The Company’s ability to continue to fund its ongoing operations and continue as a going concern is dependent upon the sources of capital above and the renegotiation or refinancing of the RCF Loan. While the Company initially expected that the Laramide SPA would close by September 30, 2016, Laramide Resources has experienced delays in obtaining the necessary funding to close the transaction and, as a result, the Company and Laramide Resources agreed to extend the closing date to November 30, 2016. Based on continued discussions with Laramide Resources and the payment of the $250,000 extension fee, the Company believes that the funding will be in place to close by November 30, 2016. In addition, factors such as the Company’s market capitalization, current share price, volatility of trading volume and potential to fall below the reference price under the CSPA ($0.50 per share) may make it difficult for the Company to fully utilize the $6.3 million available under the CSPA. Therefore, the Company may need to raise additional capital from other sources.
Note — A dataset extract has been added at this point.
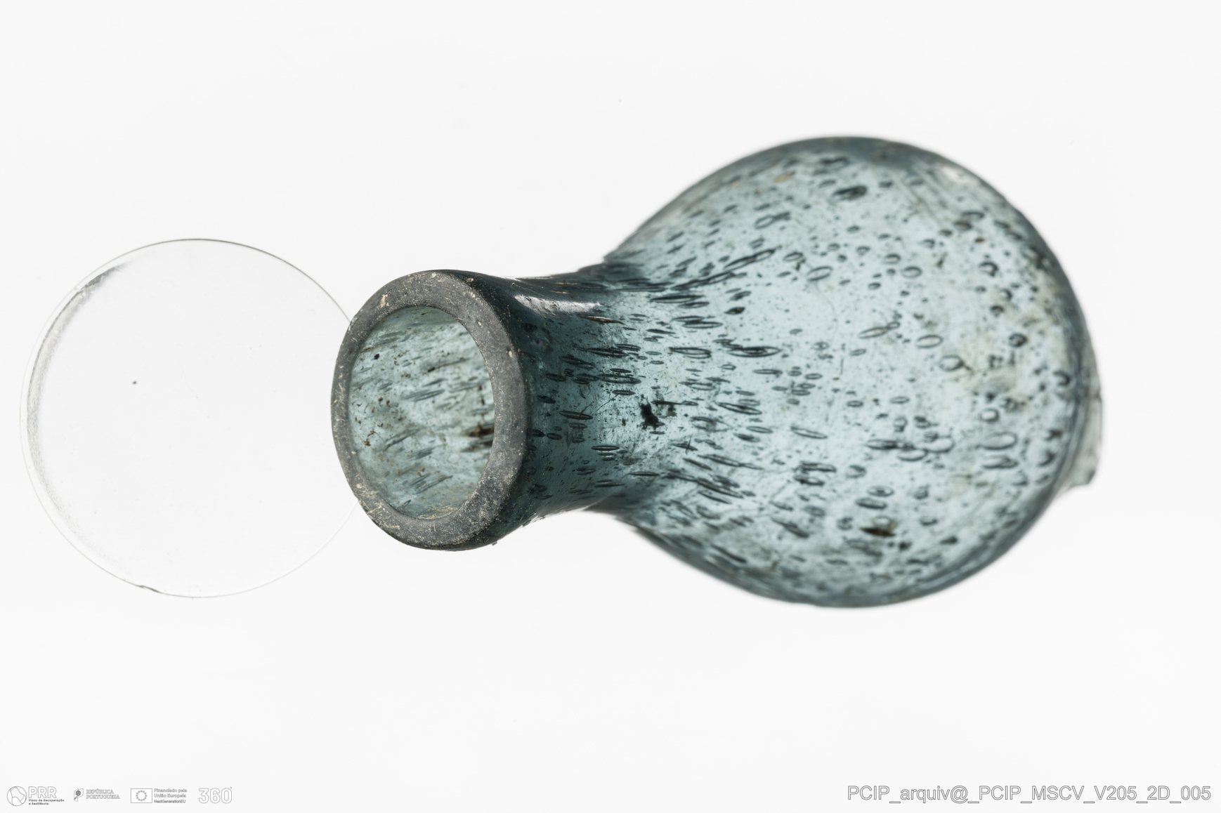 Matéria/Técnica: Vidro; Cronologia: Século XVII; Autoria: Desconhecida; Dimensões: Diâmetro bordo: 15mm.

The Company is currently evaluating its options with respect to the RCF Loan and continues to explore opportunities to further monetize its non-core assets and identify ways to reduce its cash expenditures.

 

The Company has been successful at raising capital in the past, most recently with the completion of registered direct offerings on April 4, 2016 and February 4, 2016 for gross proceeds of $1.25 million and $0.8 million, respectively, and two registered direct offerings during 2015 which occurred on December 18, 2015 and March 6, 2015 for aggregate net proceeds of $6.1 million. In addition, the Company was able to successfully raise capital in 2013 and 2014 through debt and equity fundraising efforts. Specifically, the Company completed a registered direct offering in February 2014 for net proceeds of $9.3 million and procured the RCF Loan in November 2013 that provided the Company with $8.0 million in cash, which debt matures on December 31, 2016.

 

While the Company has been successful in the past raising funds through equity and debt financings as well as through the sale of non-core assets, no assurance can be given that additional financing will be available to it in amounts sufficient to meet the Company’s needs, including upon the maturity of our outstanding debt, or on terms acceptable to the Company. In the event funds are not available, the Company may be required to materially change its business plans and it could default under the RCF Loan.